Anne asintió satisfecha y Jack descruzó los brazos y los dejó caer a los lados, aturdido. Dio un paso hacia atrás y contempló a Mary de arriba a abajo durante casi un minuto.

—¿Jack...? —llamó Anne.

—Oh, joder... —Jack se pasó una mano por el pelo y soltó una carcajada incrédula—. ¡Pues claro! Ahora lo entiendo todo. ¿Cómo no me di cuenta...?

Y volvió a guardar silencio.

—Así que... ¿Puedo quedarme? —insistió Mary.

—¿Qué clase de pregunta es esa? Te ordeno que lo hagas. No había visto a alguien tan capaz en mucho tiempo. —Jack entonces reparó en algo y bajó la voz—: Lamento mi comportamiento. Es que...

—Da igual —aseguró Mary. No quería oír explicaciones sobre sus celos infundados—. Gracias... capitán.

—Bienvenida a bordo, Mary Read —dijo Jack extendiéndole la mano.

—Ahora no tengo inconveniente alguno en que se lo comuniques al resto de la tripulación.

—Te agradezco la confianza, pero esa es una decisión que solo a ti te corresponde tomar.

Le dio las gracias una vez más y salió con Anne al exterior.

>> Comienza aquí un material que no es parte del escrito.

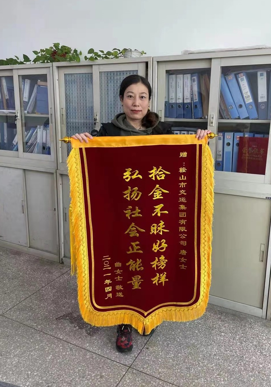 4月15日上午,市民曲女士帶刻有“拾金不昧好榜樣,弘揚社會正能量”的錦旗,送到市交運集團,感謝集團員工“唐女士”第一時間里將拾到的價值萬余元的蘋果12手機交還給她。 據(jù)失主曲女士介紹, 4月10日,她在勝利會堂參加一場培訓(xùn)會,會議結(jié)束后,才發(fā)現(xiàn)把自己載有重要資料的蘋果12手機丟失了。除了手機本身的價值以外,手機內(nèi)還存有孩子高考的各種重要資料,一時心急如焚。她報著試試看的心態(tài),用別人的手機拔打自己的號碼,沒想到立即有人接聽,并表示馬上將手機送過來。見面后,曲女士再三追問這位好心人的姓名,只了解到“好心人”姓唐,并一再表示無需感謝。曲女士再三表示誠意,“好心人”也沒有留電話,只留了微信號碼。曲女士最終通過翻看其朋友圈,發(fā)現(xiàn)“好心人”是市交運集團員工。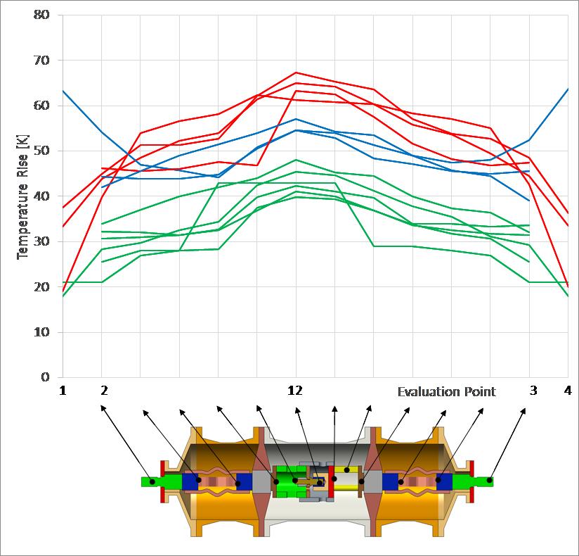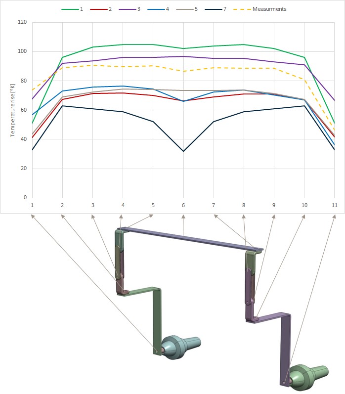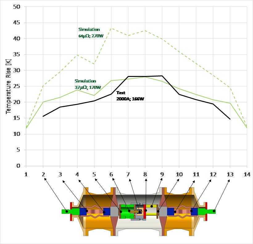 Figure 6 summarizes measured and simulated temperature rise on the MV test device. Results from two of the simulations have maximum temperature rise higher than the measured values. The other simulations have maximum temperature rise lower than the measurements. All simulated curves show similar temperature profiles as the measured result along the current path. The hot spot is in the region of the open/close knife contacts. However, it is a deviation between the lowest calculated hot spot 63 K to the highest calculated hotspot 105 K. The simulated temperature rise of the hottest spot was from 70 % to 117 % of the measured value of 90 K.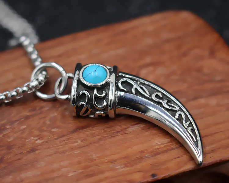 Benefits of the Vintage Men's Titanium Steel Wolf Tooth Blue Pine Stone Pendant

—Ahora a por los demás —alentó Anne.

—Poco a poco. No estoy tan segura del resto.

—A mí me han aceptado.

—Yo no soy tú.

—Cierto.

Un breve silencio las envolvió.

—Dentro de poco alcanzaremos Puerto Rico —informó Anne—. Deberías ir pensando qué le vas a decir a ese cabrón.

Mary se rascó una ceja y suspiró. No lo tenía nada claro.